Growing up on an island is growing up with the sea. The gaze stretches far; reefs become forms, the lines of the land turn into drawings, mountain ridges into a form of writing. The maquis—dense and free—becomes a space in its own right, both sensitive and formative. Childhood is a prelude: very early on, the desire for architecture preceded the studies Amelia Tavella would later pursue at the École Spéciale d’Architecture in Paris.
In 2007, she founded her practice. Daughter, woman, mother, she claims an architecture that is committed, free, and resilient—attentive to uses and to places. Her work was quickly recognized, earning her the Prix de la Jeune Femme Architecte, the Pierre Cardin Prize of the Académie des Beaux-Arts, and a place in the Choiseul Ville de Demain ranking. Her approach has been praised for its ability to bring architecture into dialogue with art, landscape, and society, through an open and transdisciplinary practice.

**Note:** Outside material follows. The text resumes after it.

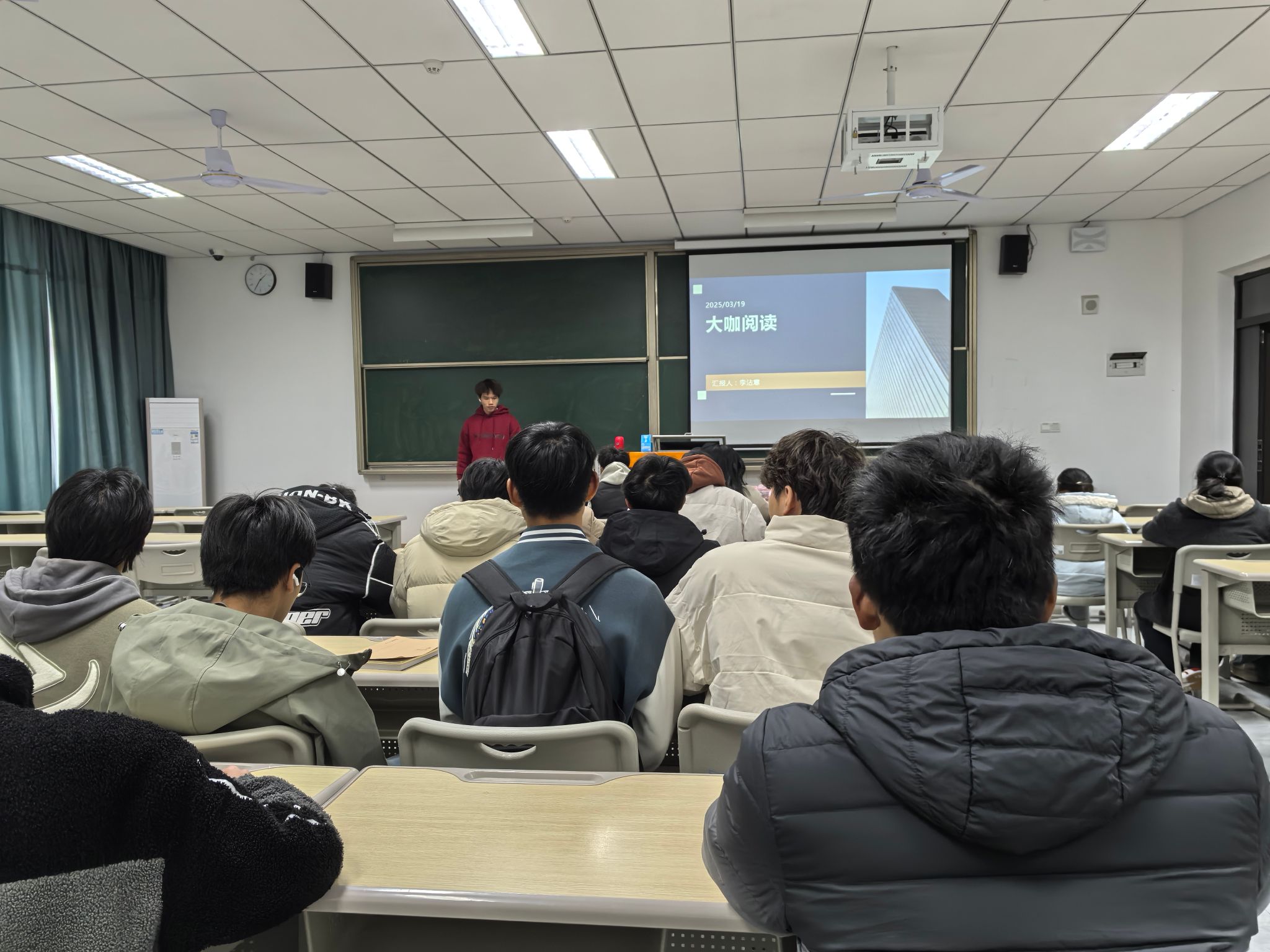 2025年4月9日,由计算机学院2024级计算机科学与技术9-10班与异科导师李沾意老师共同开展的《孙正义传》读书分享交流活动在行者楼106教室圆满举行。PPT内充满科技感与商业元素,大屏幕上循环播放着孙正义的经典演讲片段与软银集团的发展历程视频,为学生展示这场知识与思想碰撞的盛宴。

Amelia Tavella collaborates with artists, writers, historians, and sociologists. Alongside Pauline Guerrier, Ange Leccia, Nina Bouraoui, as well as researchers and heritage practitioners, she develops a body of work nourished by the crossing of perspectives. From the Convent of Saint-François—acclaimed for its contemporary graft linking past and present—to the Thermal Baths of Balaruc-les-Bains, from Château de Nalys to schools rooted in the maquis, each project unfolds as a form of sensitive archaeology.
She approaches each site with the precision of an archaeologist: reading, excavating, understanding before intervening. Honoring what already exists, extending without erasing. Building without undoing, inventing without disavowing. Her architecture is attentive to materials, to detail, to the right gesture. Stone, wood, copper, and water become language. The relationship to material is sensual, almost carnal—a skin that envelops, protects, and tells a story.
Her architecture is described as “sensitive” because it always arises from the place that receives it. She never separates the building from the space already there—whether natural or urban. Each project becomes a form of marriage between what is and what is to come. It is an architecture of long time, one that embraces slowness, depth, and memory.
Committed to transmission, Amelia Tavella exhibits, teaches, and regularly takes part in international conferences and juries. Her work has been shown in France and across Europe and has received numerous distinctions. A finalist for the 2024 European Union Prize for Contemporary Architecture – Mies van der Rohe Award, she now fully belongs to a European architectural scene attentive to heritage, landscape, and sustainability.
The year 2025 marked a turning point. Nominated for the international DIVIA Prize and invited to Rome and São Paulo, Amelia Tavella carried her architectural thinking beyond borders, engaging in an open dialogue between culture, circularity, heritage, and the future. Her voice has grown within an international arena where architecture becomes a tool for connection and transmission.
In 2026, she established her practice in Paris, on Île Saint-Louis—an inner island bordered by the Seine, where water, stone, and memory resonate with one another. Construction began on the O’Balia Thermal Baths, bringing care, landscape, and architecture into dialogue, while the completion of Château de Nalys crowned a body of work deeply attentive to terroir, stone, and the spirit of place.
Thus unfolds an architecture rooted in its origins and oriented toward the future—an architecture that transmits, repairs, and connects.